All businesses should have a first-aid kit on hand for emergencies. Basic supplies should include bandages and ice packs to alleviate minor injuries and stop bleeding, but specialty businesses should also have antidotes and medical equipment, like owning an AED at a fitness facility. Check carefully that all your items are within their expiration window—while a first aid kit may not be necessary for a while, it should be fresh when called upon. 

Collect Information

Once medical attention is provided, the next step to protect your business is to get all the relevant information you’ll need to provide to the authorities. If there are witnesses, attempt to get their information before they leave—although this can be tricky due to the fast-moving nature of businesses where people drift in and out. 

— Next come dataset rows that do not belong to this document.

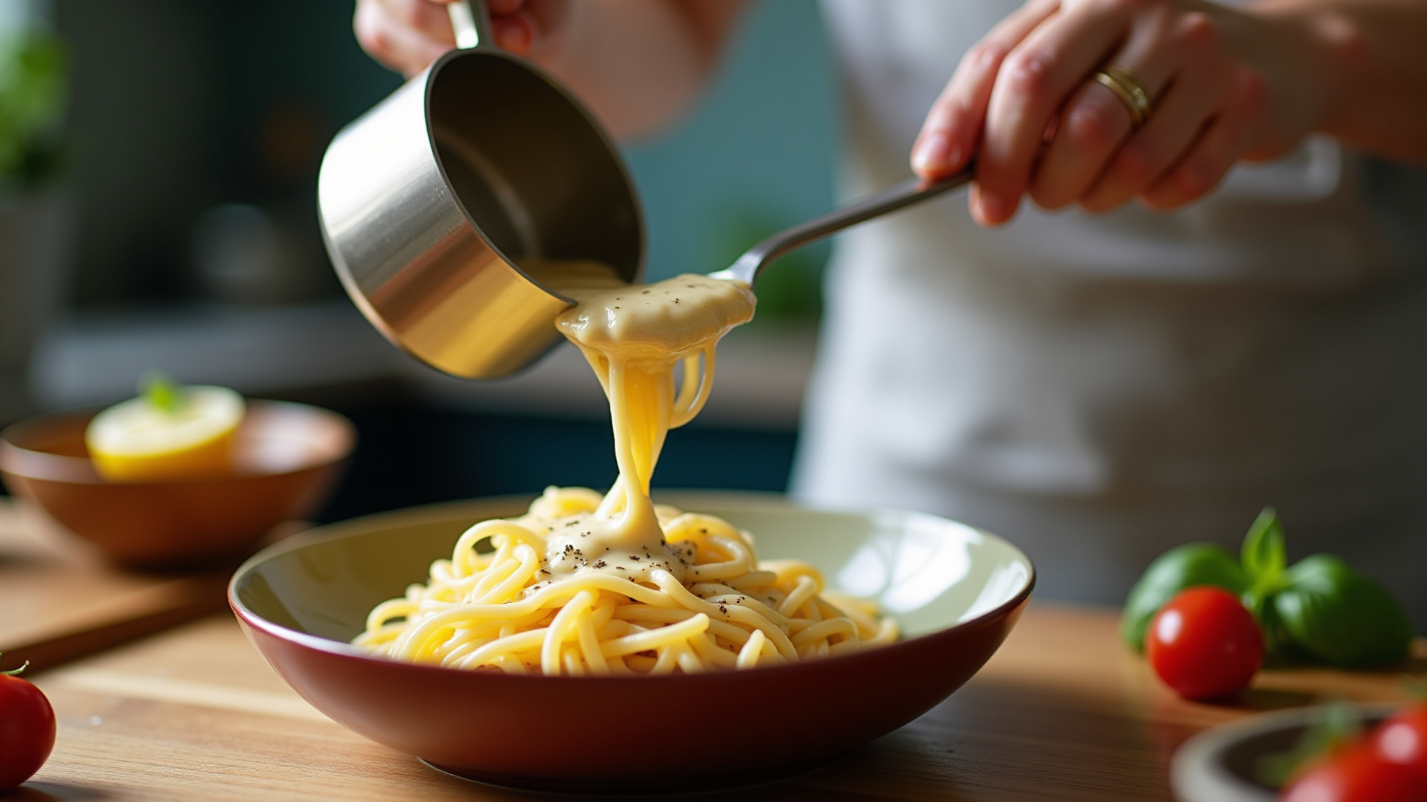 Preparo de molho branco cremoso em cozinha rústica.
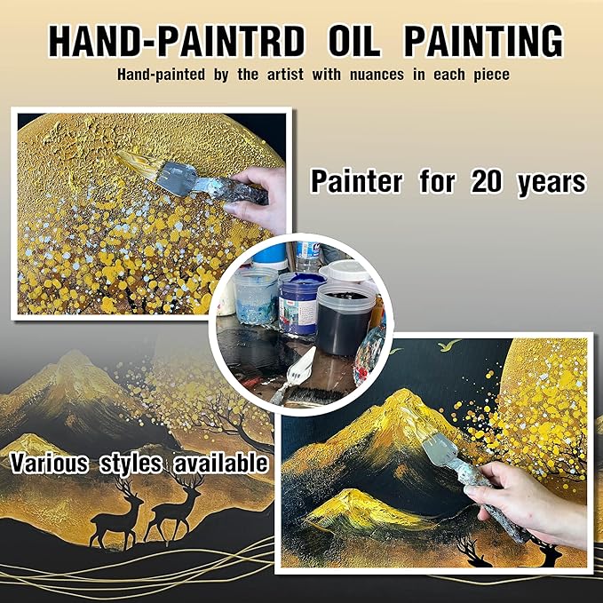 - 【Hand-painted】This is hand-painted by a professional artist. This original painting has a rich texture in the blend of brush strokes and actual colors. It is unique. Therefore the price is also a bit different from the canvas print.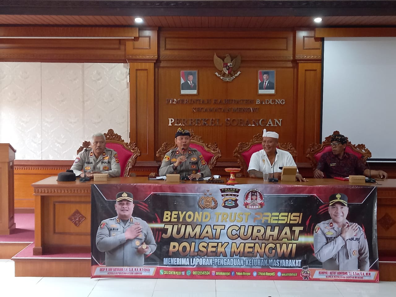 Kompol I Ketut Adnyana T.J dalam sambutan nya menyampaikan kegiatan Jumat Curhat yang dilaksanakan oleh Polsek Mengwi ini bertujuan untuk mendengarkan langsung keluhan kamtibmas yang terjadi dilingkungan nya masing-masing.

Another important tool for collecting information is security footage. Installing security cameras in your store can be a useful loss-prevention tactic, but it can also help protect you from liability. If there is a technical or safety element involved in the injury, it may help to bring in an expert to analyze your store for any safety issues. 

Hire an Attorney

While most on-site injuries never result in a court case, either due to a no-fault case or a minor incident, the worst-case scenario for a business is a lawsuit. This is why it’s important to get in contact with an attorney for at least a consultation. Many businesses employ a personal lawyer, but small businesses should look for an attorney with experience in injury-related court cases. 

Losing a lawsuit can be costly, both in money and in reputation. While an insured business will likely have its losses covered by the insurance firm, this could result in a sizable hike in insurance rates. A single lawsuit undoes many uninsured businesses. Just as significantly, the lawsuit could damage your business’ image, especially if it’s publicized enough that it shows up in Google searches.

Fix Problems

If your business contributed to the injury based on an unsafe location, addressing this before any court case or settlement may be looked favorably upon. It doesn’t take much to cause an accident. Something as simple as a slightly uneven step, a floor that was over-waxed or not mopped properly, or a staircase without handrails can lead to an injury. 

Not every case like this is an immediate liability for the business, but addressing the issue will show your business’s commitment to a safe space for customers. Not only will it reduce your potential liability, but it’ll show customers you care and pave the way for good reviews.

Accidents Happen

Ultimately, every business hopes for a clear safety record. However, no matter how many precautions you take, a customer could get injured at any time. Taking these simple steps not only protects your customers, but it also protects your investment.